PROBLEM STATEMENT
Copy each line from the listing below where the word "this" shows up.
[RECORDS PROVIDED — start]
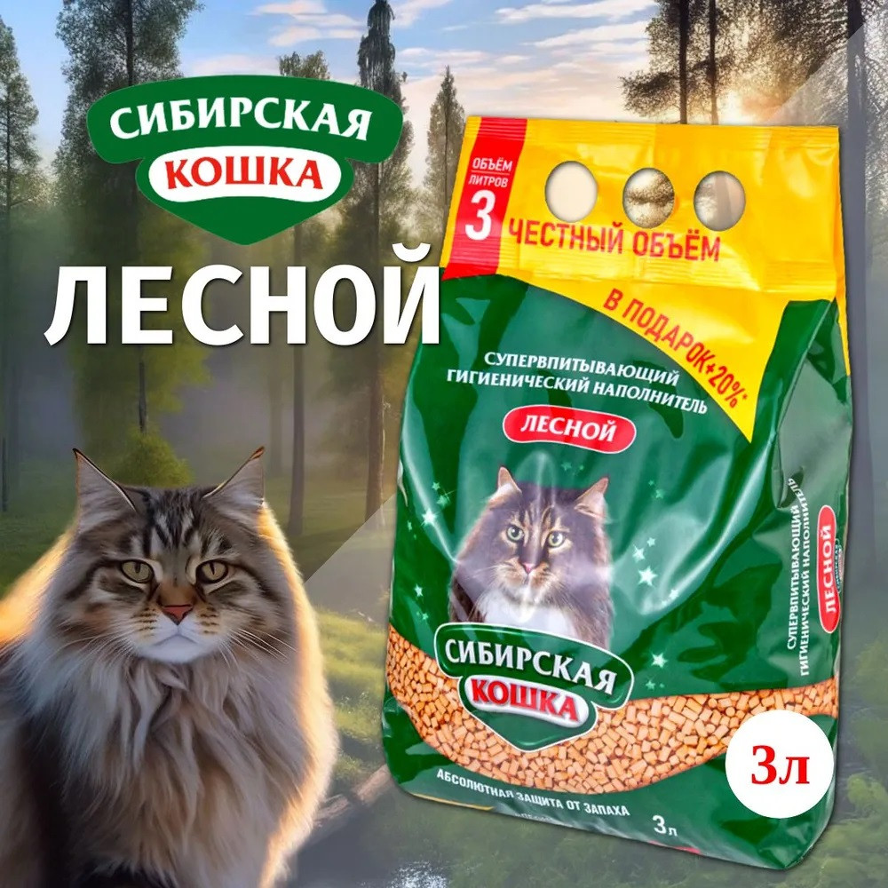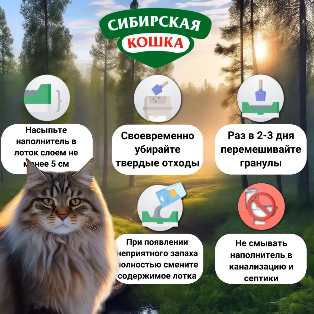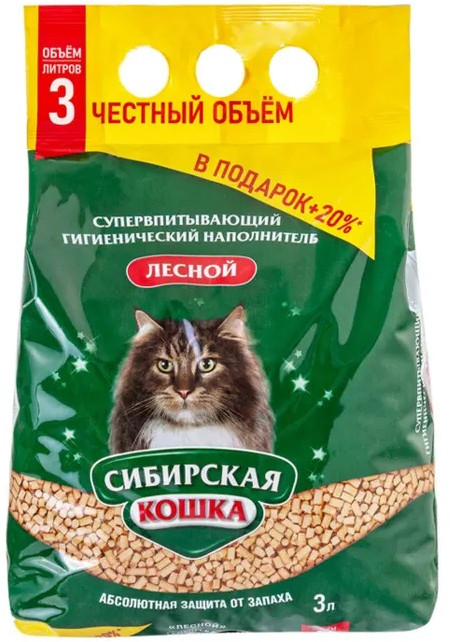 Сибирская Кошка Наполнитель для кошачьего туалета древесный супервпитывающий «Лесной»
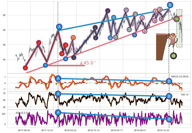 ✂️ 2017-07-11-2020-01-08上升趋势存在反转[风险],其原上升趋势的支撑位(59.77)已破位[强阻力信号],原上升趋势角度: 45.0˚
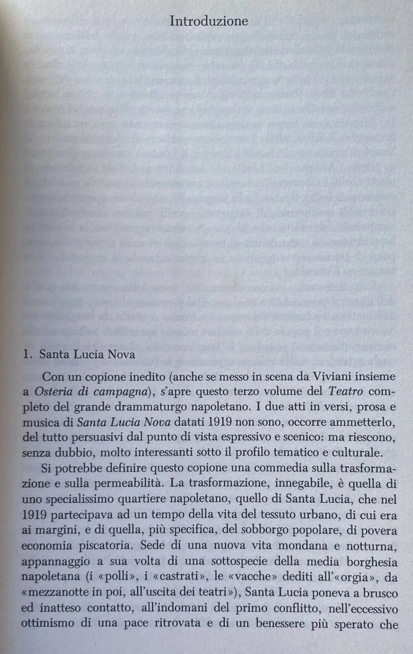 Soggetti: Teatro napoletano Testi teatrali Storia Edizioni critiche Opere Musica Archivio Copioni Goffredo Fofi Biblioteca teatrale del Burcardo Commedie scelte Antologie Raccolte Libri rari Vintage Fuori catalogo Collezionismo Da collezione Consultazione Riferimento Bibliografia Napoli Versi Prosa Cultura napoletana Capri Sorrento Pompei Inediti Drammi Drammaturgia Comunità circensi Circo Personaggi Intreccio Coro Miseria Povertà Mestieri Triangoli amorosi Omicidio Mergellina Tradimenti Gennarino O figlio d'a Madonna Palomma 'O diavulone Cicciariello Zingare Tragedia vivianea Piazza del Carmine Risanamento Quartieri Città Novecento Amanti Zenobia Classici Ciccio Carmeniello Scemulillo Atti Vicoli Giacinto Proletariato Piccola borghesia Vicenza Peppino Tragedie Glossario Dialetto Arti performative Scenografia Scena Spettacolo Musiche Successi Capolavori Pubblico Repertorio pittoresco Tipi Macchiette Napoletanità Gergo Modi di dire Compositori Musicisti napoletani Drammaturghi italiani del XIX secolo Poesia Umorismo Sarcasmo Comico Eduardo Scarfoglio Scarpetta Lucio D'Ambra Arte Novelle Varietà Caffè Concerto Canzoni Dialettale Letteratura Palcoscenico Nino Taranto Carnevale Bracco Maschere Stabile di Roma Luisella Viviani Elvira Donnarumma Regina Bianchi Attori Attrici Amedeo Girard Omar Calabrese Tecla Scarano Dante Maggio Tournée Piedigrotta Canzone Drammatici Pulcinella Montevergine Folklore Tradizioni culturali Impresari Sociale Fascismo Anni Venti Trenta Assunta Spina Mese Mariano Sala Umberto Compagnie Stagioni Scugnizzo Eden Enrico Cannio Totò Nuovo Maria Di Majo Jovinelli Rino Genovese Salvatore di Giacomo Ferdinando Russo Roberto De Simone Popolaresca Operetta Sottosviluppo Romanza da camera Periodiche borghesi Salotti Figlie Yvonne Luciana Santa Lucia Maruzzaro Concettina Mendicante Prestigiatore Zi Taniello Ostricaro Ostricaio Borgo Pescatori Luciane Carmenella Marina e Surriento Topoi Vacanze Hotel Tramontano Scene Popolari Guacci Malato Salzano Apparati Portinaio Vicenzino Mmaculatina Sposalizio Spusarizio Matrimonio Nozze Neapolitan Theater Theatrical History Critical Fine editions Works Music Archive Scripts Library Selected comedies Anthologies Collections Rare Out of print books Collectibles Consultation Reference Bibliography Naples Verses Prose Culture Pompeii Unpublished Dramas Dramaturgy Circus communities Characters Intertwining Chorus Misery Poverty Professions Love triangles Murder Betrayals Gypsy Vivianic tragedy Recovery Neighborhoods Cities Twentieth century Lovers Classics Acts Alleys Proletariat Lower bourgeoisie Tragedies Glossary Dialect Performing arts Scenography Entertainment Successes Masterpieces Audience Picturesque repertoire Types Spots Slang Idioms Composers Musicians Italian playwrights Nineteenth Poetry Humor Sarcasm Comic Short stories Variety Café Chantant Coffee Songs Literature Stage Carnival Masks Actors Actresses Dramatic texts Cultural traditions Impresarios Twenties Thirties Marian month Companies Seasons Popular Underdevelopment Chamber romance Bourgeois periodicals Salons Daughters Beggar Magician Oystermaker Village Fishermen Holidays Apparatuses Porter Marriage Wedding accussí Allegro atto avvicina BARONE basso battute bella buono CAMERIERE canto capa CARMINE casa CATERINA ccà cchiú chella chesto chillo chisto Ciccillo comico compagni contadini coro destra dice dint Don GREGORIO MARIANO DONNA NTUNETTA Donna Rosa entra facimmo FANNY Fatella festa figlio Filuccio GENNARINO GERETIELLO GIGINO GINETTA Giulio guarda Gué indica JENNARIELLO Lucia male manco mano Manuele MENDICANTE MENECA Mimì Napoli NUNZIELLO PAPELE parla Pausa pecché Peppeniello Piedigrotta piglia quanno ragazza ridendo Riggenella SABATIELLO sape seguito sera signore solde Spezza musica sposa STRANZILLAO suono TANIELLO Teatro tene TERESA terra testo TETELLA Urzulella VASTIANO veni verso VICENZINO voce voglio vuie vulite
[RECORDS PROVIDED — finish]
[RECORDS PROVIDED — start]
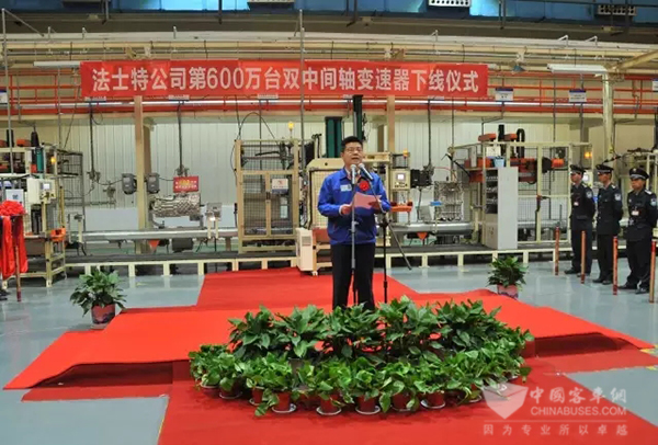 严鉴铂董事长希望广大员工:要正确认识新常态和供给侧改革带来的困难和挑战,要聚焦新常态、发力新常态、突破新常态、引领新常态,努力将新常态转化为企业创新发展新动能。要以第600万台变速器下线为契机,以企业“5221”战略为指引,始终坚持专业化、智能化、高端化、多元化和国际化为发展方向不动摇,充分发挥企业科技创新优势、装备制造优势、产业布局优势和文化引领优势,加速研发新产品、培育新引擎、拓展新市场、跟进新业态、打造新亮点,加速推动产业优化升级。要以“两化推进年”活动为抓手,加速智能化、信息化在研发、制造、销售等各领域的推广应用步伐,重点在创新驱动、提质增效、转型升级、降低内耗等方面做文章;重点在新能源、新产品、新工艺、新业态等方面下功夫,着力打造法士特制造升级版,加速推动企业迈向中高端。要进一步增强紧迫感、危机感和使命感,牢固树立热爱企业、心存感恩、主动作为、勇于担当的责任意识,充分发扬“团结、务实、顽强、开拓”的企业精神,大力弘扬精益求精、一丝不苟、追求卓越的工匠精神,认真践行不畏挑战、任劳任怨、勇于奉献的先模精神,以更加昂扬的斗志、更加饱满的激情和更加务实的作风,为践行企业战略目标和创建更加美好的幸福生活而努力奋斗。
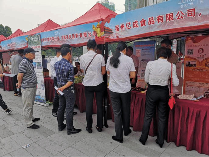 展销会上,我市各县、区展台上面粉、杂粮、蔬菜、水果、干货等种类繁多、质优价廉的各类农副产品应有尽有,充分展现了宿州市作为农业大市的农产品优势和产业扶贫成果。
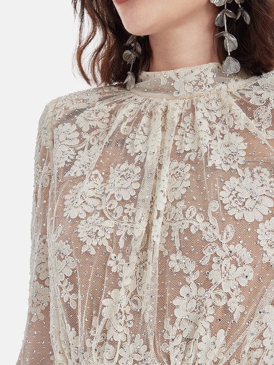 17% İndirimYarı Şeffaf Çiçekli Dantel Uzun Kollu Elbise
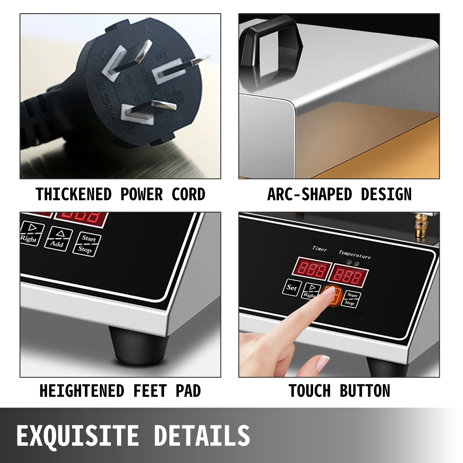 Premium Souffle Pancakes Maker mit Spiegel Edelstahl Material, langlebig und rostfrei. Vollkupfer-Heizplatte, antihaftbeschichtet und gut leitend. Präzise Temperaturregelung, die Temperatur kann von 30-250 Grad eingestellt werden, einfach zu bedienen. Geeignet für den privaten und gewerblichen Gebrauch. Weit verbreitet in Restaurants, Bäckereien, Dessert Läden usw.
[RECORDS PROVIDED — finish]
[RECORDS PROVIDED — start]
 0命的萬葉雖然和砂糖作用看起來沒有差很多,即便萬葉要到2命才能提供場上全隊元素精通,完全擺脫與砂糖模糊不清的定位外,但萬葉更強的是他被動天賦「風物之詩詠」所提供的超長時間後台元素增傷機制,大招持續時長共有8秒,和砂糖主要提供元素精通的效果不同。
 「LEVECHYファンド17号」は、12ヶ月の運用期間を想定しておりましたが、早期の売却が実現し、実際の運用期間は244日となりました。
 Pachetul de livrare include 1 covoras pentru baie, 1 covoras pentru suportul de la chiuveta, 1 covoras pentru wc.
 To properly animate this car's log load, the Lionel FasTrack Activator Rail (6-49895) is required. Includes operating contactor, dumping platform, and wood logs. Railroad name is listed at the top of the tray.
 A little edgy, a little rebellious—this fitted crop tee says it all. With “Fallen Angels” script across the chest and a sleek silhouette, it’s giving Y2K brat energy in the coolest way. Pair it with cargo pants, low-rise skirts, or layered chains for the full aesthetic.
[RECORDS PROVIDED — finish]
THE COMPLETED TASK
 To properly animate this car's log load, the Lionel FasTrack Activator Rail (6-49895) is required. Includes operating contactor, dumping platform, and wood logs. Railroad name is listed at the top of the tray.
 A little edgy, a little rebellious—this fitted crop tee says it all. With “Fallen Angels” script across the chest and a sleek silhouette, it’s giving Y2K brat energy in the coolest way. Pair it with cargo pants, low-rise skirts, or layered chains for the full aesthetic.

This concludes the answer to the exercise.